Pourquoi ce signal peut favoriser le froid

Lorsqu’un vortex polaire s’affaiblit fortement, il peut parfois subir un réchauffement stratosphérique soudain.

Dans ce cas, les vents d’ouest situés dans la stratosphère ralentissent brutalement, voire s’inversent. Cette perturbation peut ensuite modifier la circulation atmosphérique plus près du sol.

Le courant-jet devient alors parfois beaucoup plus ondulé et des blocages peuvent se mettre en place aux hautes latitudes.

C’est dans ce type de situation que des masses d’air très froides peuvent descendre vers l’Europe ou l’Amérique du Nord.

Mais il faut rester très prudent : un vortex perturbé n’indique jamais à lui seul où le froid descendra.

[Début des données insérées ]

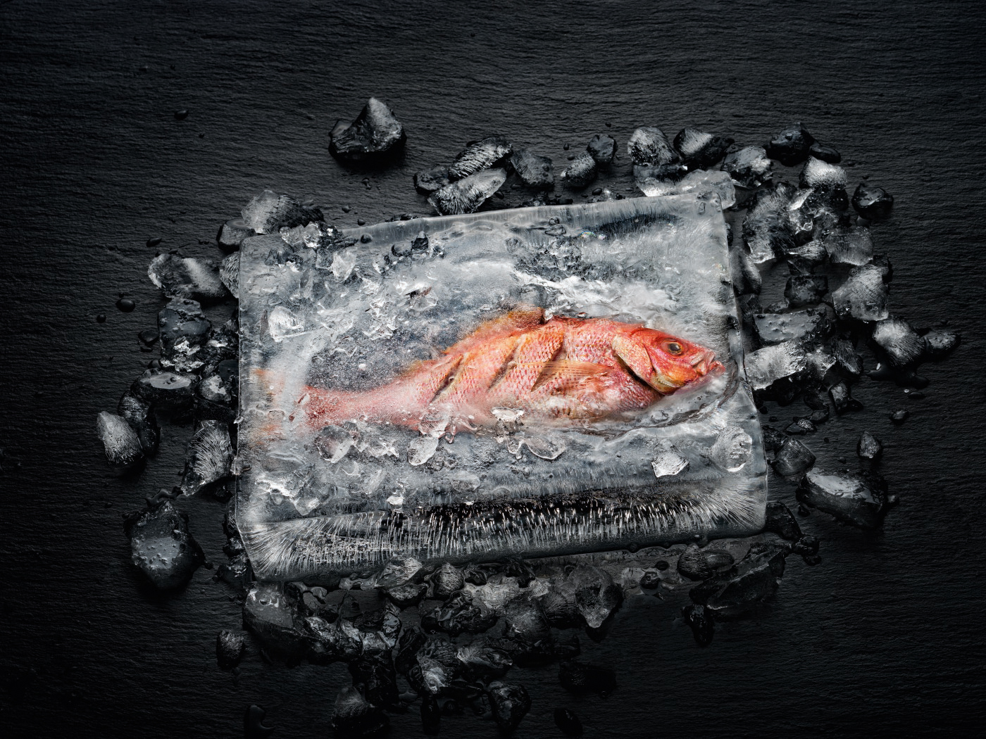 Effektvoll und exemplarisch für die revolutionären Zubereitungsmöglichkeiten des Dialoggarers ist der Fisch im Eisblock: Der Fisch ist im Eis gegart, ohne dass der umgebende Eismantel geschmolzen wäre. (Foto: Miele) |

La France peut être concernée, mais l’air glacial peut tout aussi bien se diriger vers l’Europe orientale, l’Asie ou le continent nord-américain.

 

Légende :
Les projections saisonnières du modèle européen ECMWF envisagent des vents stratosphériques plus faibles que la normale autour de la fin décembre et du mois de janvier. Un signal compatible avec un vortex polaire potentiellement plus fragile. Source : ECMWF / Severe Weather Europe.

 

El Niño pourrait aussi jouer un rôle cet hiver

Un autre paramètre pourrait influencer la situation : le puissant épisode El Niño actuellement présent dans le Pacifique.

Les liens avec le vortex polaire sont complexes, mais les épisodes El Niño peuvent favoriser la propagation d’ondes atmosphériques vers la stratosphère, ce qui peut contribuer à perturber le vortex.

C’est donc un élément supplémentaire à surveiller au cours des prochains mois.

L’état de l’Arctique sera également observé de près. La banquise reste une nouvelle fois très peu étendue en cette fin d’été, même si les liens directs avec le comportement du vortex restent encore très discutés.

 


La banquise arctique reste très peu étendue à la fin de l’été 2026. L’état thermique de l’Arctique fera partie des nombreux paramètres à surveiller au cours de l’automne. Source : NSIDC.

 

Cela ne veut pas dire que l’hiver sera froid en France

C’est la nuance essentielle.

Les tendances saisonnières actuellement disponibles ne prévoient pas un hiver froid généralisé sur l’Europe occidentale. Le scénario dominant reste plutôt celui de températures supérieures aux normales sur une grande partie du continent.

Mais un hiver globalement doux peut parfaitement être interrompu par une ou plusieurs périodes de froid marquées.

C’est justement pour cette raison que l’évolution du vortex polaire sera particulièrement intéressante à surveiller cet hiver.

Si le signal actuel se confirme et qu’un affaiblissement important intervient autour de janvier, le risque de descentes d’air froid pourrait augmenter sur certaines régions de l’hémisphère nord, surtout en février 2027.

À cette échéance, il est encore impossible de savoir si la France serait directement concernée.